# My first cigar



## vink (Nov 29, 2011)

So that's a picture of me smoking my first cigar, last summer in Vinales Cuba. That's when I learn that cigars were actually awsome! It was a home made stick that I bought in a small factory there.


----------



## AStateJB (Oct 13, 2011)

Cool pic! And what an awesome memory to be able to have a home rolled CC in Cuba as your first cigar! :first:


----------



## 5.0 (Sep 9, 2009)

Great story. I have been to Cuba numerous times, hosted by my bosses in the Navy.........vever smoked a cubal to last year though!


----------



## lebz (Mar 26, 2011)

Great pic!


----------



## Drifter29 (May 4, 2012)

very cool


----------



## Fuzzy (Jun 19, 2011)

What a great way to be introduced to the hobby!


----------



## cadet (Apr 11, 2012)

Nice pic.

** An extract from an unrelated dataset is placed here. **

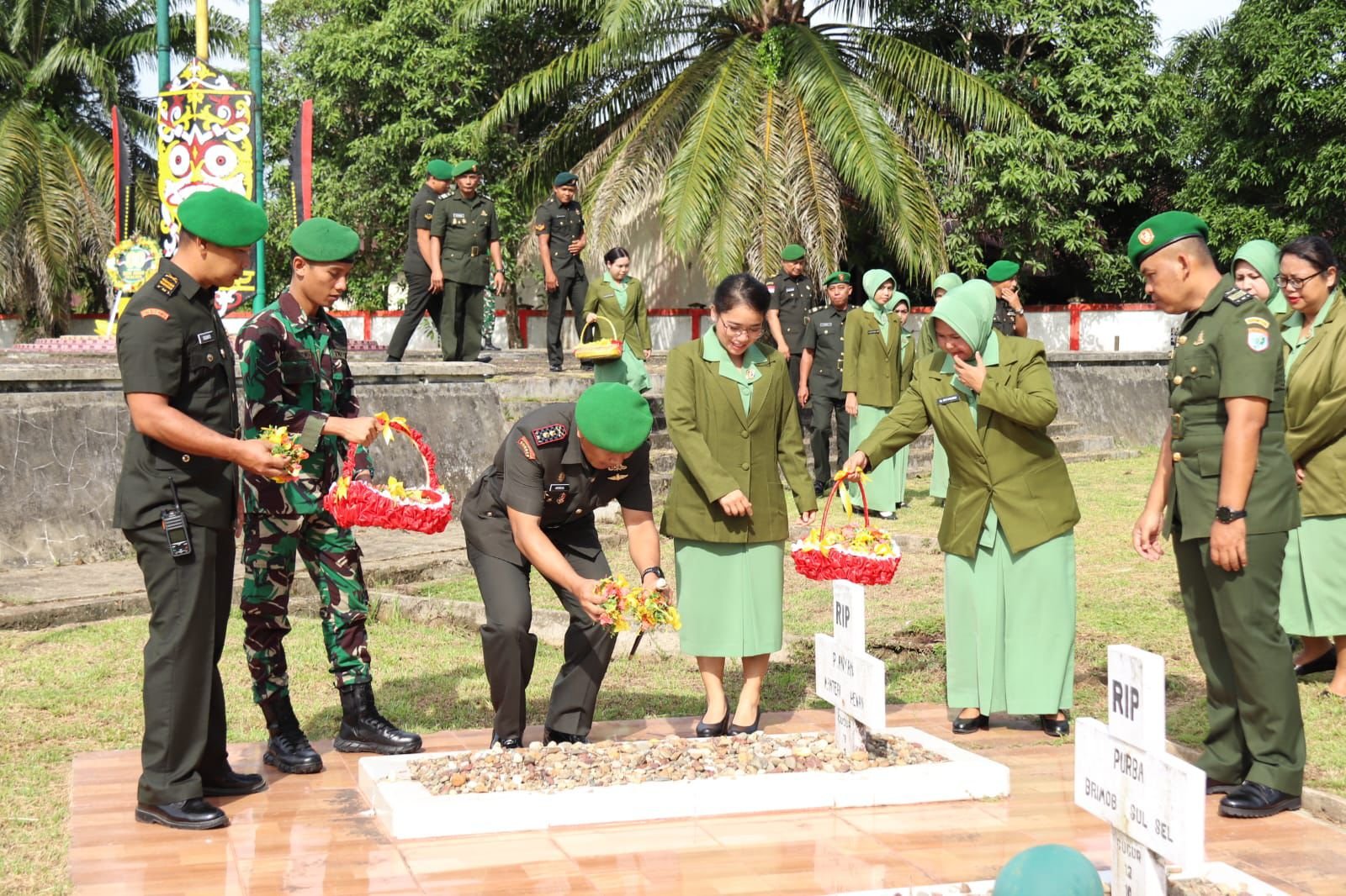 Dandim 1206/Putussibau, Letkol Arm Andreas Prabowo Putro S.I.Pem., M.I.P., M.Han., memimpin upacara ziarah yang dihadiri oleh seluruh Perwira Staf, Anggota Kodim 1206/Psb, Ketua Persit Cabang L Kodim 1206/Psb, dan Anggota Batalyon 644/Walet Sakti.
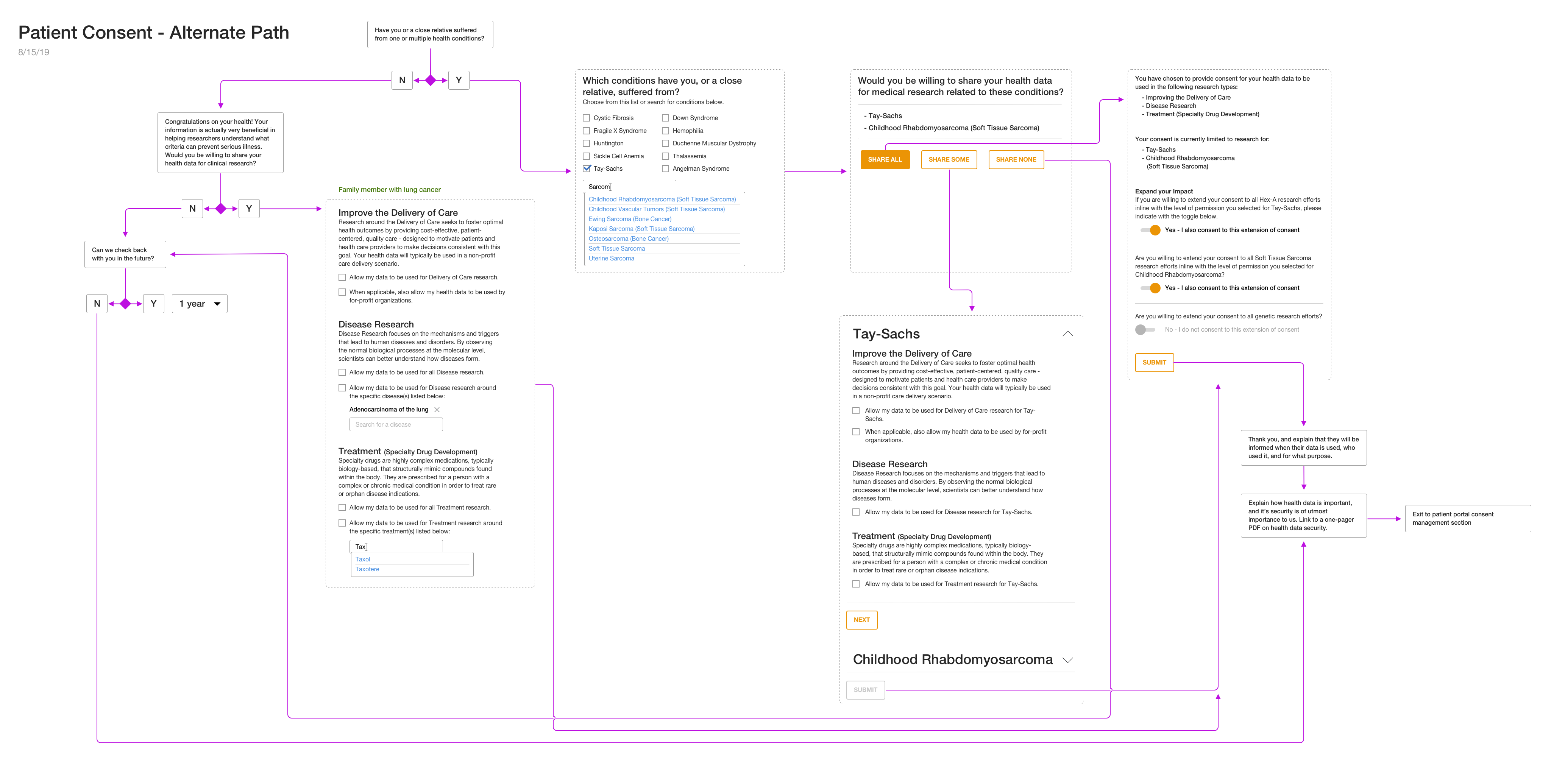 User flow clarifying alternate consent flow for genetic treatment.

And, do the non-cubans you've had since live up to it?

_______
_"Also, he was smoking a cigar, and when a man is smoking a cigar, wearing a hat, he has an advantage; it is harder to find out how he feels."_
― Saul Bellow, Seize the Day


----------



## Ants (May 30, 2012)

Great pic! Ive been to Cuba twice, unfortunately before I became interested in cigars (what a waste..)


----------



## burritosdaily (Jul 2, 2007)

Great pic... and what a perfect first experience!


----------



## dayento2 (May 12, 2012)

that's like learning how to drive in an Italian sports car. What a great way to enjoy the first of many cigars.


----------



## hachigo (Feb 14, 2012)

Very cool Vince. It looks like it was an amazing experience.


----------